Not everybody was purely dismissive. AI developer Michal Langmajer captured the ambivalence:
“I am genuinely glad there’s nonetheless a non-US, non-Chinese language lab making an attempt to construct frontier LLMs however boy we’ve to degree up the sport in Europe. Their new flagship mannequin is mainly ‘not the perfect’ on any benchmark, but prices a number of instances greater than most opponents.”
I’m genuinely glad there’s nonetheless a non-US, non-Chinese language lab making an attempt to construct frontier LLMs (@MistralAI) however boy we’ve to degree up the sport in Europe.
Their new flagship mannequin is mainly “not the perfect” on any benchmark, but prices a number of instances greater than most opponents… pic.twitter.com/JwvR5eKWmT
— Michal Langmajer (@MichalLangmajer) April 30, 2026
Some builders argued open weights are a sturdiness play, not a leaderboard play. A mannequin anybody can obtain, fine-tune, and self-host does not have to win rankings as we speak to remain related. Others pointed to Mistral’s actual enterprise deployments throughout Europe as proof the moat is not purely technical.
The Geopolitical security internet
That is the place Mistral’s precise pitch lives.

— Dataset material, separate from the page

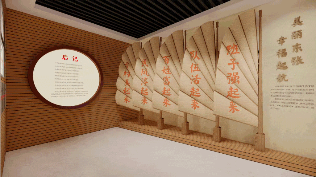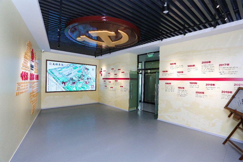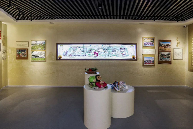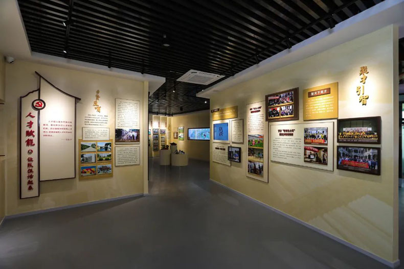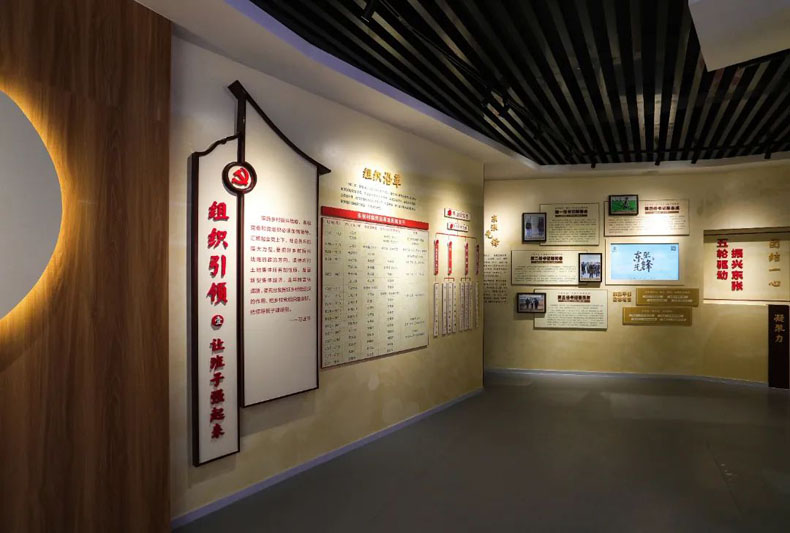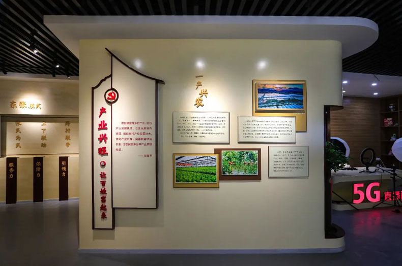 該館以鄉(xiāng)村振興為主題,位于界山鎮(zhèn)東張村“黨建+”鄰里中心二樓,建筑面積250平方米。全館通過“黨建+”模式展現(xiàn)了界山鎮(zhèn)“組織引領(lǐng)、人才賦能、產(chǎn)業(yè)興旺、文化賡續(xù)、生態(tài)宜居”五大振興維度,以專業(yè)而縝密的敘事邏輯講述了“黨建引領(lǐng)鄉(xiāng)村振興”的砥礪故事。

European enterprises beneath GDPR, banks dealing with delicate buyer information, and governments that will not route AI workloads by way of Chinese language infrastructure have restricted choices. As Decrypt reported final December, HSBC signed a multi-year take care of Mistral particularly to self-host fashions by itself infrastructure. The enchantment of an EU-headquartered open-weight lab with a $14 billion valuation does not present up in benchmark tables—however it reveals up in procurement selections.
Not the perfect at coding, and never the most cost effective. However it’s: not American, not Chinese language, auditable, self-hostable, and legally protected for European enterprise.
Day by day Debrief E-newsletter
Begin day-after-day with the highest information tales proper now, plus unique options, a podcast, movies and extra.